CIUDAD DE MÉXICO – En un movimiento que ha cimbrado el tablero político nacional, el senador veracruzano Miguel Ángel Yunes Márquez solicitó este martes licencia para separarse de su cargo por tiempo indefinido, citando complicaciones de salud relacionadas con un padecimiento en la columna vertebral.

La solicitud, aprobada de manera expedita por el Pleno del Senado, ocurre en el marco de la discusión de la Reforma al Poder Judicial, donde el voto del legislador se perfilaba como la pieza clave para que el bloque oficialista lograra la mayoría calificada.
Un relevo marcado por la tensión
Minutos después de aprobarse la licencia, Miguel Ángel Yunes Linares, exgobernador de Veracruz y suplente de la fórmula, ingresó al salón de sesiones para rendir protesta.
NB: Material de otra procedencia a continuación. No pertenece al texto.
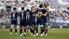 ▲ 김오규가 팀의 두 번째 골 넣자 기뻐하는 서울 이랜드 선수들 서울 이랜드와 성남FC가 프로축구 K리그2 정규리그 최종전 승- 2025.11.23 19:12

Su entrada fue recibida con vítores por parte de la bancada de Morena y sus aliados, mientras que los senadores del Partido Acción Nacional (PAN) lo increparon con gritos de “traidor”.
“Miguel Ángel Yunes Márquez ha sido un luchador por la democracia, no un traidor”, defendió Yunes Linares desde la tribuna, en un discurso donde arremetió contra la dirigencia de su propio partido (PAN) por intentar coaccionar el sentido de su voto.
El factor decisivo para la Reforma Judicial
La incertidumbre sobre el paradero de Yunes Márquez durante las horas previas a la sesión alimentó especulaciones sobre un posible acuerdo con el oficialismo. Con este relevo, la oposición pierde un voto que se consideraba firme en el bloque del “no”, lo que facilitaría el camino para que Morena y aliados aprueben las modificaciones constitucionales propuestas por el Ejecutivo.
Puntos clave del conflicto:
- La Mayoría Calificada: El bloque oficialista necesita 86 votos; la ausencia o el cambio de bando de un solo legislador opositor cambia el destino de la reforma.
- Ruptura con el PAN: Marko Cortés, dirigente nacional del PAN, calificó el movimiento como una claudicación ante presiones judiciales.
- Postura de los Yunes: Yunes Linares no adelantó el sentido final de su voto en su primera intervención, pero dejó claro que no aceptará imposiciones partidistas.